### SOURCE DATA
==============================
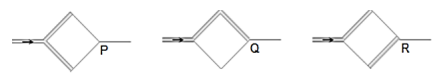 Two thick wires and two thin wires, all of the same materials and same length form a square in the three different ways P,Q and R as shown in fig with current connection shown, the magnetic field at the centre of the square is zero in cases
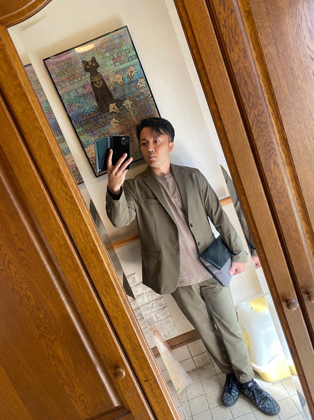 いつも閲覧ありがとうございます。 本日はGUのGUドライストレッチのセットアップからスタートです。 春夏用の素材なので寒いと思うかもしれませんが寒暖差のある18-20°前後のこの時期だとむしろ丁度よく快適に過ごせます。 インナーはエアリズムコットンUVカットTシャツの長袖のベージュをチョイス。 オリーブの色味にアースカラーコーデを意識してチョイスしました。 ブラウンだと重いけど少し明るいベージュが良い感じでマッチしてると思います。 綺麗目系、ドレス寄りになってるので靴はいつものスタンスミス。 クラッチバックを持たせて完成です。 エアリズムコットンのシャツにGUドライと夏仕様みたいですが肌寒かったら上にコートを羽織ってもいいしバリエーションあると思います。 肌寒い時期に重ね着をすると汗のコントロールが難しくないですか? 寒い時期に夏用の快適衣類をインナーやジャケットで着てその上にコートやダウンを着るのも湿度コントロール的にありなんじゃ無いかと勝手に思ってます。 昼の日差しの下は暑いし日が陰ったら寒いこんな時期にオススメなコーデです。 参考になった方いらっしゃいましたらいいね、お気に入り、フォローしていただけるとモチベーション上がるのでよろしくお願いします。
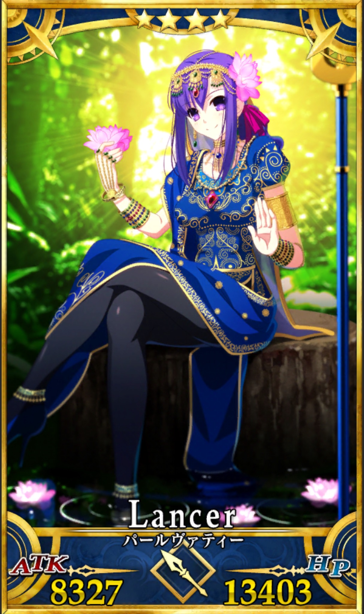 No. 名前 Lv.M HP ATK 筋力 耐久 敏捷 魔力 幸運 宝具 Q A B 保有スキル 183 パールヴァティー 80 13253 8127 D C D B B EX 2 1 2 イマジナリ・アラウンド[EX]
==============================
### ACTION ITEM
All of the data must be repeated exactly, except for the pictures.

### ANSWER FOR THE TASK
 Two thick wires and two thin wires, all of the same materials and same length form a square in the three different ways P,Q and R as shown in fig with current connection shown, the magnetic field at the centre of the square is zero in cases
 いつも閲覧ありがとうございます。 本日はGUのGUドライストレッチのセットアップからスタートです。 春夏用の素材なので寒いと思うかもしれませんが寒暖差のある18-20°前後のこの時期だとむしろ丁度よく快適に過ごせます。 インナーはエアリズムコットンUVカットTシャツの長袖のベージュをチョイス。 オリーブの色味にアースカラーコーデを意識してチョイスしました。 ブラウンだと重いけど少し明るいベージュが良い感じでマッチしてると思います。 綺麗目系、ドレス寄りになってるので靴はいつものスタンスミス。 クラッチバックを持たせて完成です。 エアリズムコットンのシャツにGUドライと夏仕様みたいですが肌寒かったら上にコートを羽織ってもいいしバリエーションあると思います。 肌寒い時期に重ね着をすると汗のコントロールが難しくないですか? 寒い時期に夏用の快適衣類をインナーやジャケットで着てその上にコートやダウンを着るのも湿度コントロール的にありなんじゃ無いかと勝手に思ってます。 昼の日差しの下は暑いし日が陰ったら寒いこんな時期にオススメなコーデです。 参考になった方いらっしゃいましたらいいね、お気に入り、フォローしていただけるとモチベーション上がるのでよろしくお願いします。
 No. 名前 Lv.M HP ATK 筋力 耐久 敏捷 魔力 幸運 宝具 Q A B 保有スキル 183 パールヴァティー 80 13253 8127 D C D B B EX 2 1 2 イマジナリ・アラウンド[EX]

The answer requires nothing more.